Prediction of A Fitted Univariate TAR Model

Description

Prediction of a fitted univariate TAR model.

Usage

uTAR.pred(model, orig, h = 1, iterations = 3000, ci = 0.95, output = TRUE)

Arguments

model

univariate TAR model.

orig

forecast origin.

h

forecast horizon.

iterations

number of iterations.

ci

confidence level.

output

a logical value for output, default is TRUE.

Value

uTAR.pred returns a list with components:

model

univariate TAR model.

pred

prediction.

Ysim

fitted y.

Examples

phi=t(matrix(c(-0.3, 0.5,0.6,-0.3),2,2))
y=uTAR.sim(nob=2000, arorder=c(2,2), phi=phi, d=2, thr=0.2, cnst=c(1,-1), sigma=c(1, 1))
thr.est=uTAR(y=y$series, p1=2, p2=2, d=2, thrQ=c(0,1), Trim=c(0.1,0.9), method="RLS")
est=uTAR.est(y=y$series, arorder=c(2,2), thr=thr.est$thr, d=2)
uTAR.pred(mode=est, orig=2000,h=1,iteration=100,ci=0.95,output=TRUE)

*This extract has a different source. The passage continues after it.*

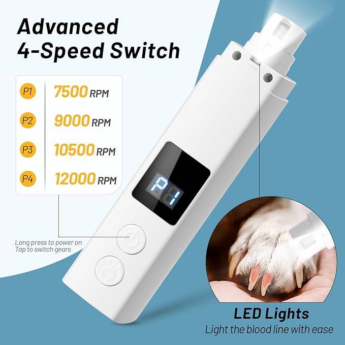 - 【Four-speed Adjustment】: The dog nail grinder has 4 adjustable speed gears (low, medium, high, and ultra-high) to provide your pet with a variety of grinding options. Whether it is the delicate nails of small dogs or the hard nails of large dogs, you can find the most suitable trimming speed to effectively improve the trimming efficiency.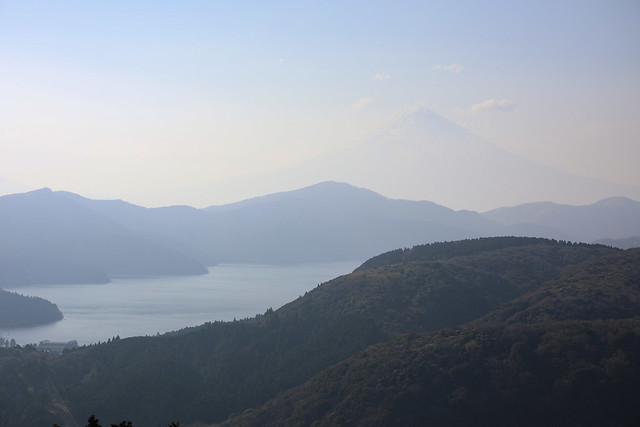 肉眼ではほとんど見えなかった富士山ですが、撮ったカットにPhotoshopの「かすみの除去」フィルターをうっすらと掛けたところ、富士山が浮き出てきました。あまりやると空にバンディングノイズが見えてしまうので、かけ過ぎないのがポイント。

Generate Univariate SETAR Models

Description

Generate univariate SETAR model for up to 3 regimes.

Usage

uTAR.sim(
  nob,
  arorder,
  phi,
  d = 1,
  thr = c(0, 0),
  sigma = c(1, 1, 1),
  cnst = rep(0, 3),
  ini = 500
)

Arguments

nob

number of observations.

arorder

AR-order for each regime. The length of arorder controls the number of regimes.

phi

a 3-by-p matrix. Each row contains the AR coefficients for a regime.

d

delay for threshold variable.

thr

threshold values.

sigma

standard error for each regime.

cnst

constant terms.

ini

burn-in period.

Value

uTAR.sim returns a list with components:

series

a time series following SETAR model.

at

innovation of the time seres.

arorder

AR-order for each regime.

thr

threshold value.

phi

a 3-by-p matrix. Each row contains the AR coefficients for a regime.

cnst

constant terms

sigma

standard error for each regime.

Examples

arorder=rep(1,2)
ar.coef=matrix(c(0.7,-0.8),2,1)
y=uTAR.sim(100,arorder,ar.coef,1,0)

Sequential Monte Carlo Using Sequential Importance Sampling for Stochastic Volatility Models

Description

The function implements the sequential Monte Carlo method using sequential importance sampling for stochastic volatility models.

Usage

wrap.SMC(par.natural, yy, mm, setseed = T, resample = T)

Arguments

par.natural

contains three parameters in AR(1) model. The first one is the stationary mean, the second is the AR coefficient, and the third is stationary variance.

yy

the data.

mm

the Monte Carlo sample size.

setseed

the seed number.

resample

the logical value indicating for resampling.

Value

The function returns the log-likelihood of the data.

References

Tsay, R. and Chen, R. (2018). Nonlinear Time Series Analysis. John Wiley & Sons, New Jersey.